There are, of course, well-articulated proposals to deal with this list (except for AI where no one has any idea what to do). They require, however, a degree of radicalness that is alien to our self-satisfied and incremental political culture. New tax structures can generate much of the necessary revenue for comprehensive health care, housing, and basic income. Climate changes can be addressed. It is far more a matter of political will than of developing solutions.

The best model of breaking out of this doldrums in the US is the famous “100 days” of the first term of FDR’s administration in 1933. Huge Congressional majorities and a widely-recognized major economic crisis enabled some radical thinking to take hold. There is caution in this tale, however. A conservative Supreme Court struck down many components of FDR’s program and it’s not at all clear how effective those moves were in ultimately providing an exit ramp from the Great Depression. 

All in all, the chances that the US will be in better shape in 2032 than in 2028 are, therefore, not so great. Indeed, things might well be worse given the amount of damage that is currently being done (and I haven’t even touched on international complications yet). So, if a moderately progressive administration comes in, they’re not likely to look very successful four years on. Even if there is great success on fixing the current damage, rebuilding institutions, and laying the foundations for the solutions to long-term problems, that administration is not likely to be able to give much of an answer to the perennial question of electoral politics: “Are you better off now than you were four years ago?” 
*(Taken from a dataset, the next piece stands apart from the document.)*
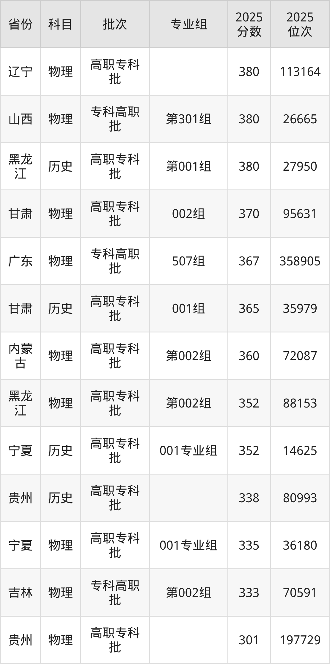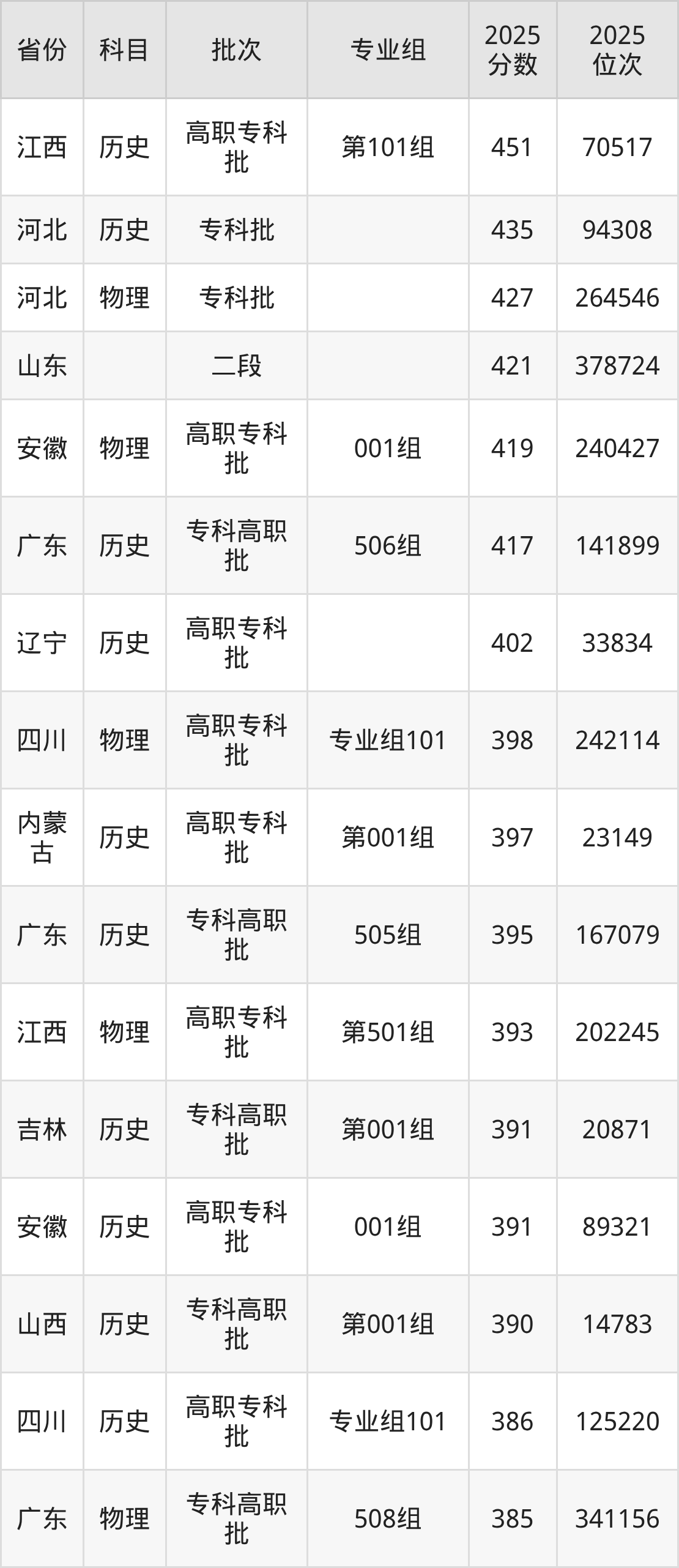 2025年石家庄信息工程职业学院全国录取分数线301分到451分,录取最高在江西(第101组)、录取最低在贵州(物理)。

Given the friable nature of the electorate, a further zig-zag is quite plausible. Indeed, the volatility of this zigzagging is part of what makes more extreme parties and leaders increasingly popular. This is especially visible in Europe. There are structural problems, to be sure: the difficulty of enacting programs with demonstrable effects within a single term. Added to this is the fundamental nature of the problems facing the country and the difficulty of devising solutions. The electorate, however, has—even in the best and most deliberate times—little patience for considering these constraints. The upshot is that whoever wins risks the specter of failure and subsequent rejection.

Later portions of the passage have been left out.